(Dataset entries)

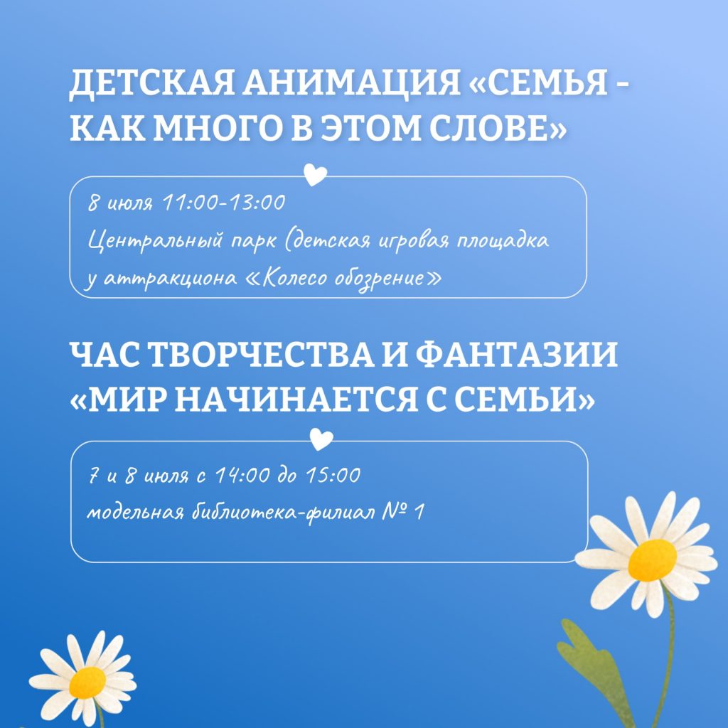 Так, 5 июля на бульваре Чавайна с 9:00 до 19:00 состоится ярмарка изделий декоративно-прикладного творчества, а в Центральном парке будет организована семейная анимационная программа «Играем всей семьёй».
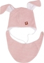 Z&Z Dvouvrstvá pletená čepice na zavazování s šátkem 2v1, Zajíček - růžová; 56 (1-2m)
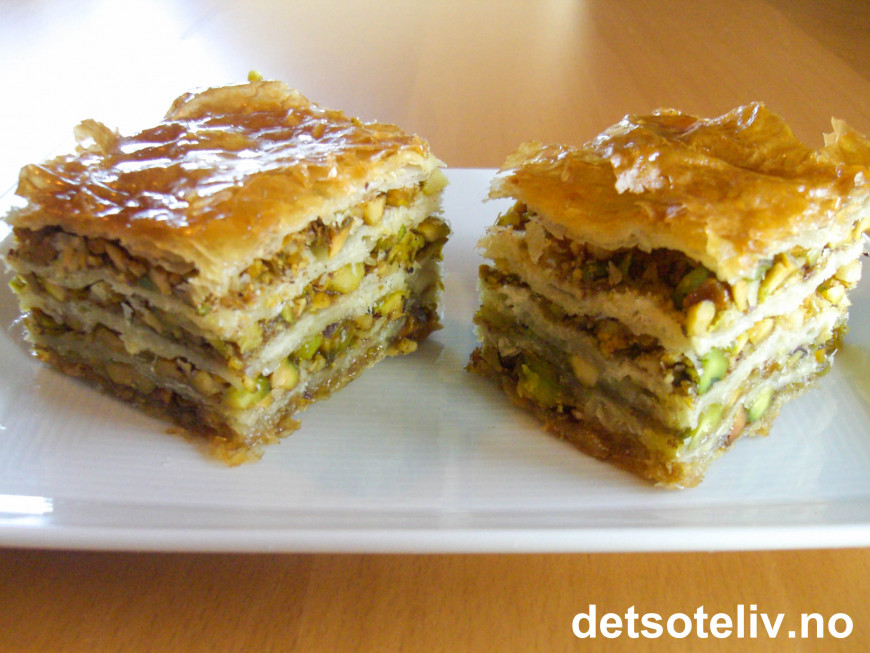 Det er ikke så nøye akkurat hvor mange ark med filodeig du har mellom hvert lag. Det blir uansett ikke nøyaktig, siden det varierer hvor mange ark med deig det er i pakken. Men det kan være lurt å ha litt flere filoark i bunnen og på toppen, for å gi kaken litt mere hold. Det viktigste å huske på når du lager "Baklava" er at det må være smørpensling mellom hvert lag med deig, også når du bretter over den delen av deigplaten som er større enn langpannen. Da forhindrer du at deiglagene klebrer seg sammen, slik at du får mange, tynne lag med deig (litt som i wienerbrød).
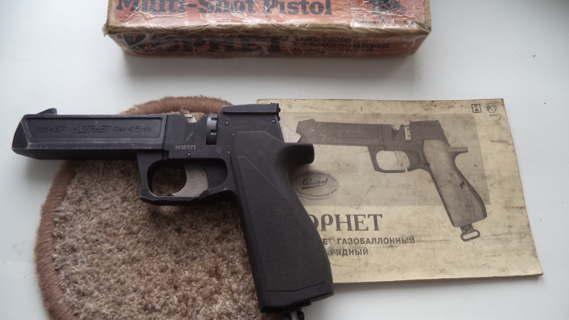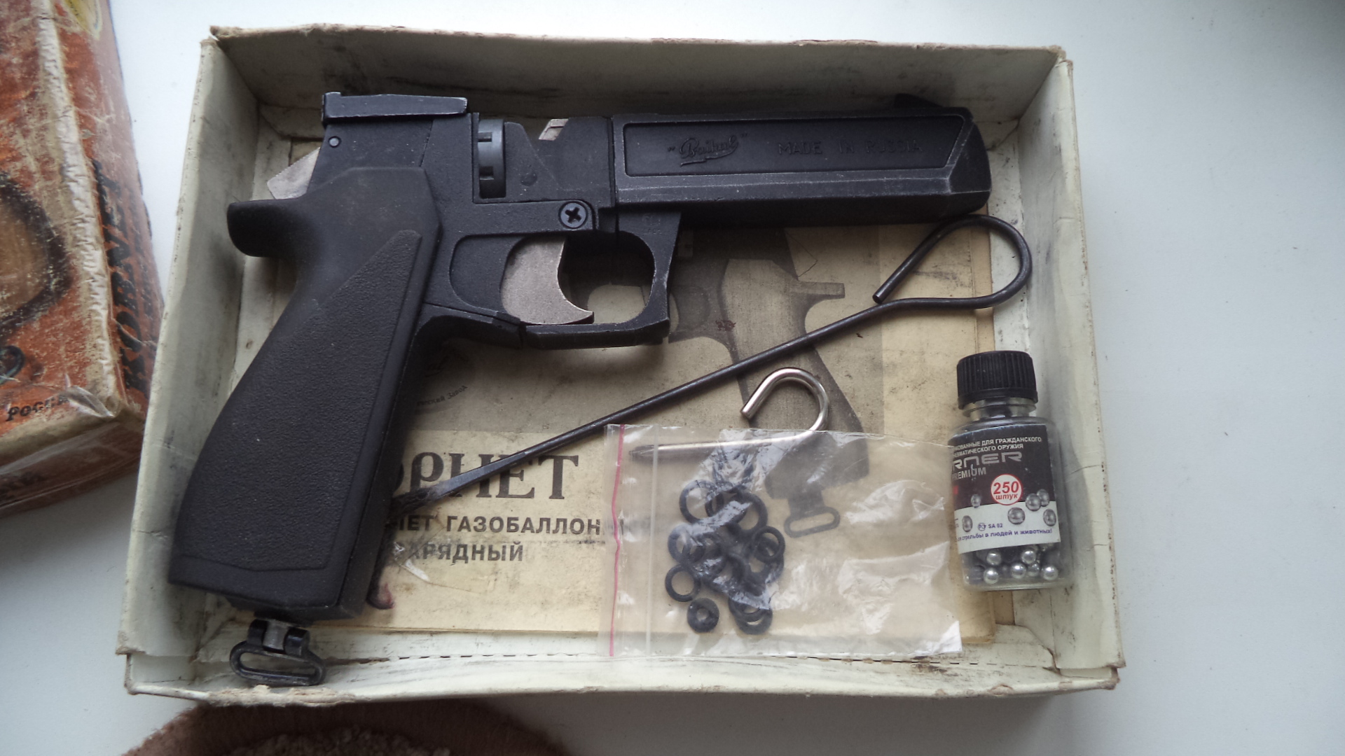 Комплект , пистолет, протирка, отвертка, резинки, документы, коробка , немного пуль. В стоке , при установке баллона травит. 100р. Чуть торг. СМОРГОНЬ. 80336863322 МТС.
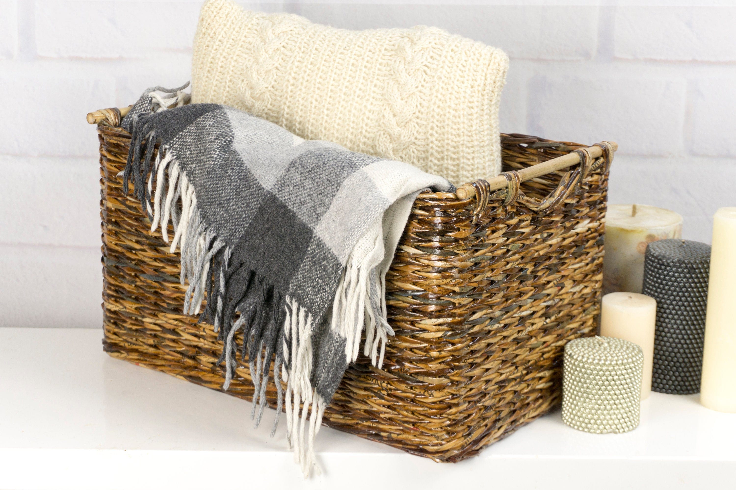 VK Living Foldable Handwoven Water Hyacinth Storage Baskets Wicker Cube Baskets Rectangular Laundry Organizer Totes for Bedroom, Living Room,Nursery ...
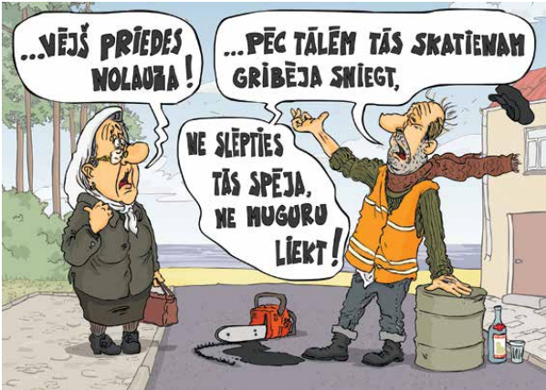 “Nu, jā… Tā viņas dara…” Simboliski, ar vērienu un patiesi dziļi filozofiski vērtē situāciju pilsētā arī mūsu Komunālās pārvaldes runasvīri (vai varbūt runassievas?). Un ko gan šajā situācijā darīt? Neko īpašu, jo tā taču tas lietus, vējš un mainīgais klimats kokiem dara. Tiesa gan, šajā konkrētajā gadījumā Komunālās pārvaldes darbinieki situāciju ir atrisinājuši – koka zaru apzāģēšana veikta… Par citiem kokiem, kas “negatīvi ietekmēti” informācijas nav.
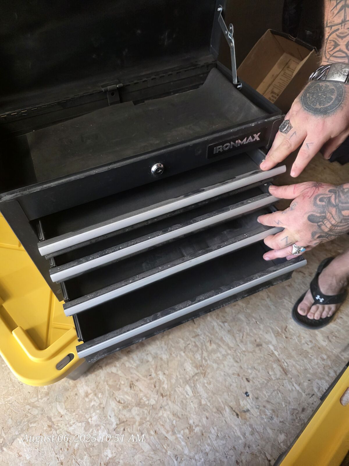black Ironmax tool box. all drawers open. does not have a Key. started out with the basic tools but grew out of it quickly. nothing wrong with it, just dont need it anymore
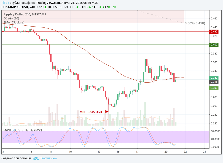 Ripple вчера отклонился от узкого диапазона на уровне 0.342 USD и соскользнул ниже уровня средних цен. Однако это ещё нельзя назвать бычьим импульсом, который выведет цену из боковика. Сегодня пара восстановится на прежний уровень, выше скользящей средней EMA55 и продолжит боковое движение.
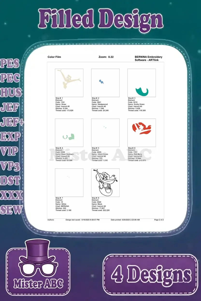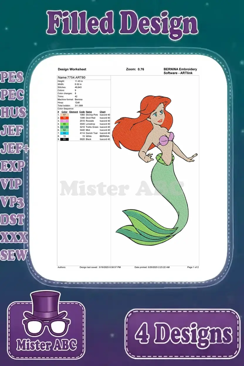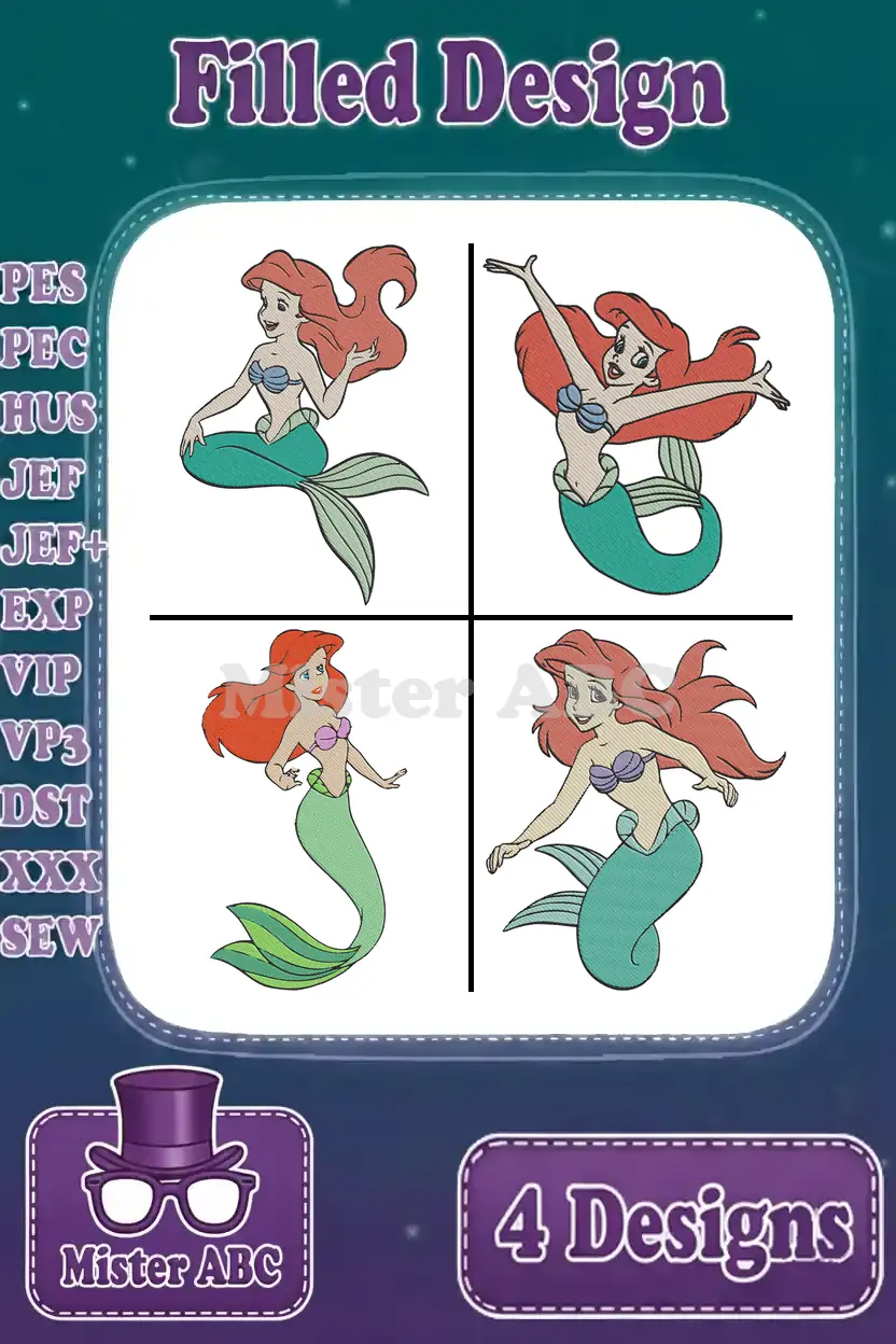The Little Mermaid Ariel Collection Of Dynamic Floating And Posing Mermaid – Filled Embroidery Design

Problem description: Give the lines of the entries above exactly as they appear, leaving out each picture.

Result:
 Так, 5 июля на бульваре Чавайна с 9:00 до 19:00 состоится ярмарка изделий декоративно-прикладного творчества, а в Центральном парке будет организована семейная анимационная программа «Играем всей семьёй».
 Z&Z Dvouvrstvá pletená čepice na zavazování s šátkem 2v1, Zajíček - růžová; 56 (1-2m)
 Det er ikke så nøye akkurat hvor mange ark med filodeig du har mellom hvert lag. Det blir uansett ikke nøyaktig, siden det varierer hvor mange ark med deig det er i pakken. Men det kan være lurt å ha litt flere filoark i bunnen og på toppen, for å gi kaken litt mere hold. Det viktigste å huske på når du lager "Baklava" er at det må være smørpensling mellom hvert lag med deig, også når du bretter over den delen av deigplaten som er større enn langpannen. Da forhindrer du at deiglagene klebrer seg sammen, slik at du får mange, tynne lag med deig (litt som i wienerbrød).
 Комплект , пистолет, протирка, отвертка, резинки, документы, коробка , немного пуль. В стоке , при установке баллона травит. 100р. Чуть торг. СМОРГОНЬ. 80336863322 МТС.
 VK Living Foldable Handwoven Water Hyacinth Storage Baskets Wicker Cube Baskets Rectangular Laundry Organizer Totes for Bedroom, Living Room,Nursery ...
 “Nu, jā… Tā viņas dara…” Simboliski, ar vērienu un patiesi dziļi filozofiski vērtē situāciju pilsētā arī mūsu Komunālās pārvaldes runasvīri (vai varbūt runassievas?). Un ko gan šajā situācijā darīt? Neko īpašu, jo tā taču tas lietus, vējš un mainīgais klimats kokiem dara. Tiesa gan, šajā konkrētajā gadījumā Komunālās pārvaldes darbinieki situāciju ir atrisinājuši – koka zaru apzāģēšana veikta… Par citiem kokiem, kas “negatīvi ietekmēti” informācijas nav.
black Ironmax tool box. all drawers open. does not have a Key. started out with the basic tools but grew out of it quickly. nothing wrong with it, just dont need it anymore
 Ripple вчера отклонился от узкого диапазона на уровне 0.342 USD и соскользнул ниже уровня средних цен. Однако это ещё нельзя назвать бычьим импульсом, который выведет цену из боковика. Сегодня пара восстановится на прежний уровень, выше скользящей средней EMA55 и продолжит боковое движение.
The Little Mermaid Ariel Collection Of Dynamic Floating And Posing Mermaid – Filled Embroidery Design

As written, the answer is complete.